Minutes later, Jeebleh heard a toilet flushing, then footsteps returning.
IT APPEARED THAT BILE HAD REACHED FOR AND RETURNED WITH A NEW VOICE, retrieved from deep within. He was much calmer. “You see,” he said, “even though Faahiye may have been present physically, it seemed to those of us in daily contact with him that he was not all there.”
“How was that?” Jeebleh asked.
“Some of us felt he was on some sort of suicide trip. He behaved recklessly, going to the areas of the city where deadly fighting was raging. He’d take along a camera, like a tourist on a suicide mission.”
“Did he show anyone the photographs he took?”
“He wouldn’t even bother to print them!”
“Didn’t he train as a lawyer?” Jeebleh asked.
“A lawyer in a lawless land, jobless and unemployable.”
“Didn’t he commit come of his free time to The Refuge at least? Didn’t he help run it?”
“We all wished he had,” Bile answered.
Voltaire had said that good, honest work done in God’s name banished three of the greatest evils — boredom, vice, and poverty. Thinking about Faahiye’s lack of commitment to the jobs at hand made Jeebleh wonder whether he would have been easier to deal with if he had had jobs and worked at them. And would the same have stopped Somalis from going down the inevitable road of self-destruction, self-hate, waste, and famine? Evil and envy gain a solid foothold in the mind of the jobless. His thought led him elsewhere: to sex. Jeebleh imagined that Faahiye was starved of love and sex. He asked Bile as much: “Did sex occupy a prominent place in his mind?”
You might have thought that the earth had been pulled from under Bile. Jeebleh was regretting his question.
“Why do you ask?”
“Yeats said that sex is the subtext of every ruined relationship. Or am I misquoting him?”
“We’ll have to ask Seamus about that.”
“About Faahiye and sex?”
“No, about Irish poets and sex!”
Jeebleh repeated, “Was sex the subtext in Shanta and Faahiye’s embittered relationship?”
“Put that question to them when you see them.”
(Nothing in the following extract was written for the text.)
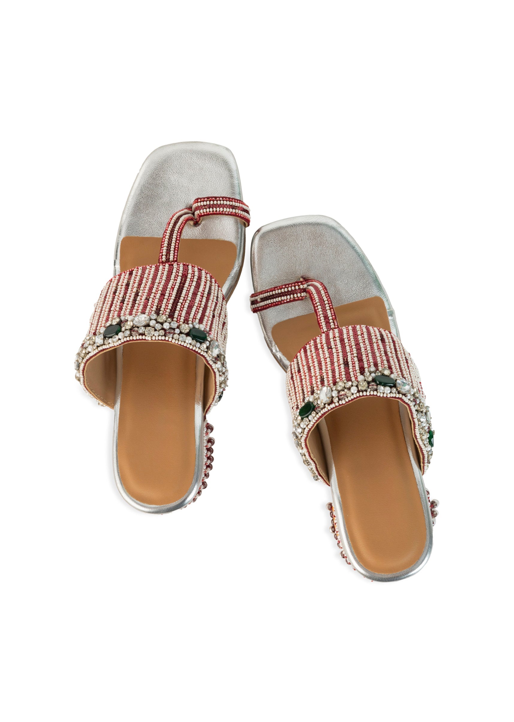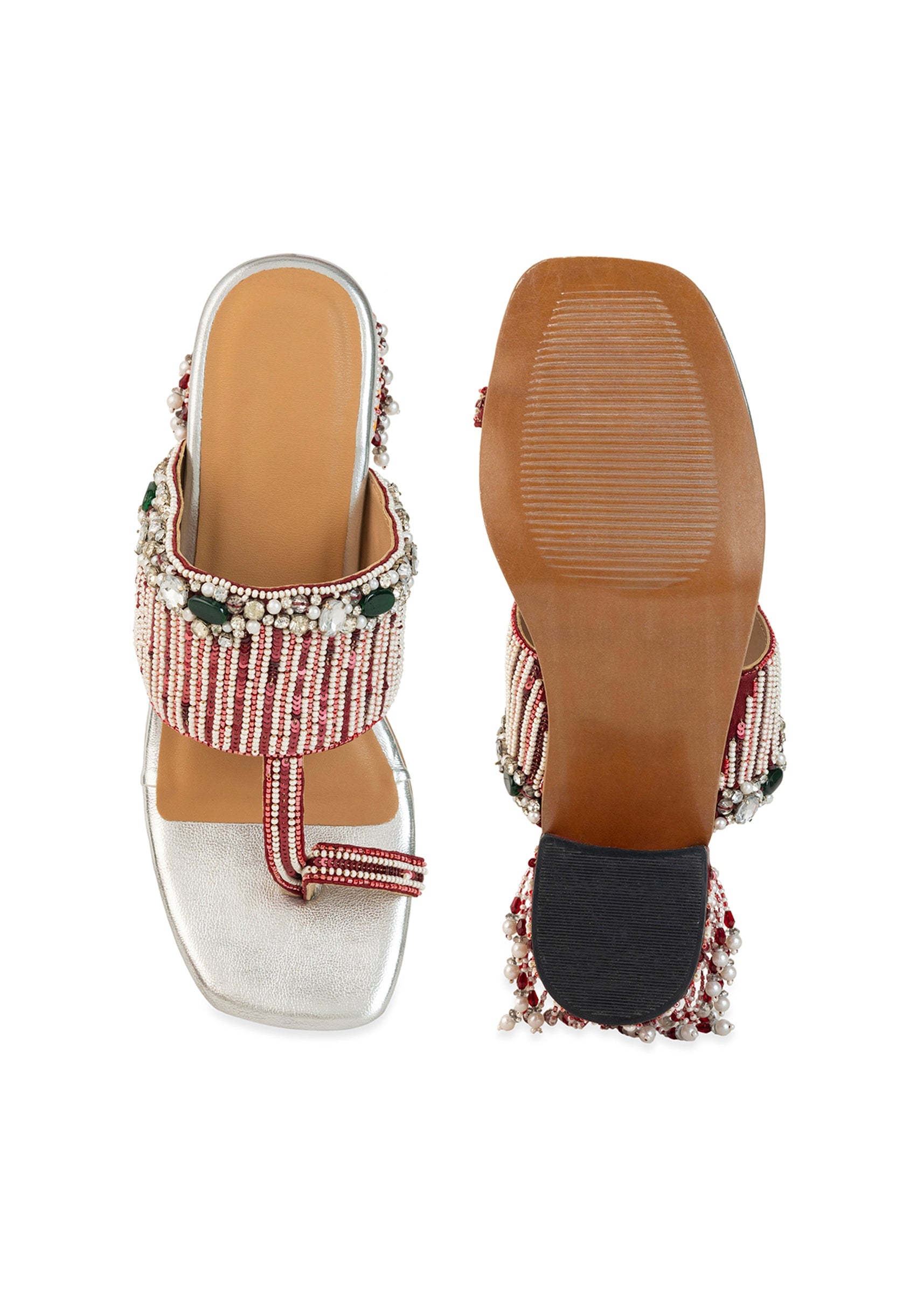 Make every occasion feel special with silver heels that feature deep maroon velvet straps intricately hand embellished with pearls, beads, and emerald green stones. Set on smooth faux leather, they blend rich texture with an elegant festive sparkle. The detailed moti and embroidery work adds a regal touch perfect for weddings, receptions, and evening celebrations. Designed to shine with every step, they bring a bold luxurious charm to your look. Awarded as the Most Trusted Brand, we're delivering styles you love, just as promised.

HALF AN HOUR LATER, BILE’S FEATURES HAD ROUGHENED AT THE EDGES, LIKE frozen butter exposed to sudden heat. He said, “I knew very little of what had gone on before I came. But it became obvious that my presence was causing a great upset in the home they had set up for themselves. I admit I was insensitive at first too. Of that I am certain, and I regret it all the time.”
“What did you do?”
“We shared a limited space. We were on top of one another, and spent a lot of time together. Shanta and Faahiye quarreled so savagely in the first months of Raasta’s life that I moved out and set up my own place, within easy walking distance. By then Faahiye had tried to force himself on Shanta, soon after the traditional forty-day convalescence period. I didn’t care to know about it, but I got to hear of it because Shanta told me of her own free will. There were subsequent quarrels, in which he became unbearably offensive, at one time suggesting that Shanta was saving herself for the only man she had ever truly loved, namely me. Then they worked out a modus vivendi agreeable to both. He looked after Raasta in the early hours of the day — Shanta doesn’t wake up until noon, she’s that kind of person. And she looked after the girl in the afternoons and at night. This way, I managed to have uninterrupted time with Raasta when it was Shanta’s turn. It was all very complicated. There were so many borders we couldn’t cross, and so many things we couldn’t do. It’s a great relief that Raasta — and later Makka, when she joined us — didn’t collapse into a pair of tearful misfits. I’ve no idea how, but the two girls knew where the paths to doom and despair lay, and they kept well away from them, thank God.”